**TASK REQUIREMENTS:** Give the data again word for word; drop the pictures.

**DATASET SECTION:**
☆ ☆ ☆ ☆ ☆ ☆ ☆

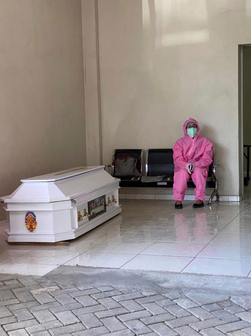 Endonezya’da çekilen bir görüntü uluslararası kamuoyunda gündem oldu… Makassar kentinde çekilen fotoğrafta bir doktor, yaşamını yitiren eşinin tabutu yanında beklerken görülüyor.
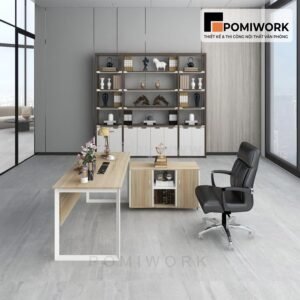 Bàn làm việc lãnh đạo kiểu dáng đẹp – Chân sắt, mặt gỗ bền bỉ
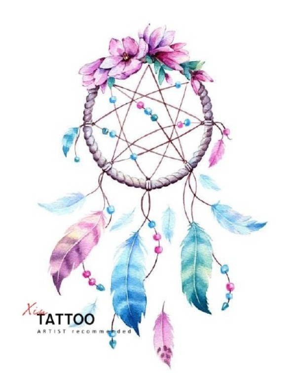 27组唯美漂亮的彩色补梦网纹身手稿图案

☆ ☆ ☆ ☆ ☆ ☆ ☆

**ANSWER TO THE EXERCISE:**
 Endonezya’da çekilen bir görüntü uluslararası kamuoyunda gündem oldu… Makassar kentinde çekilen fotoğrafta bir doktor, yaşamını yitiren eşinin tabutu yanında beklerken görülüyor.
 Bàn làm việc lãnh đạo kiểu dáng đẹp – Chân sắt, mặt gỗ bền bỉ
 27组唯美漂亮的彩色补梦网纹身手稿图案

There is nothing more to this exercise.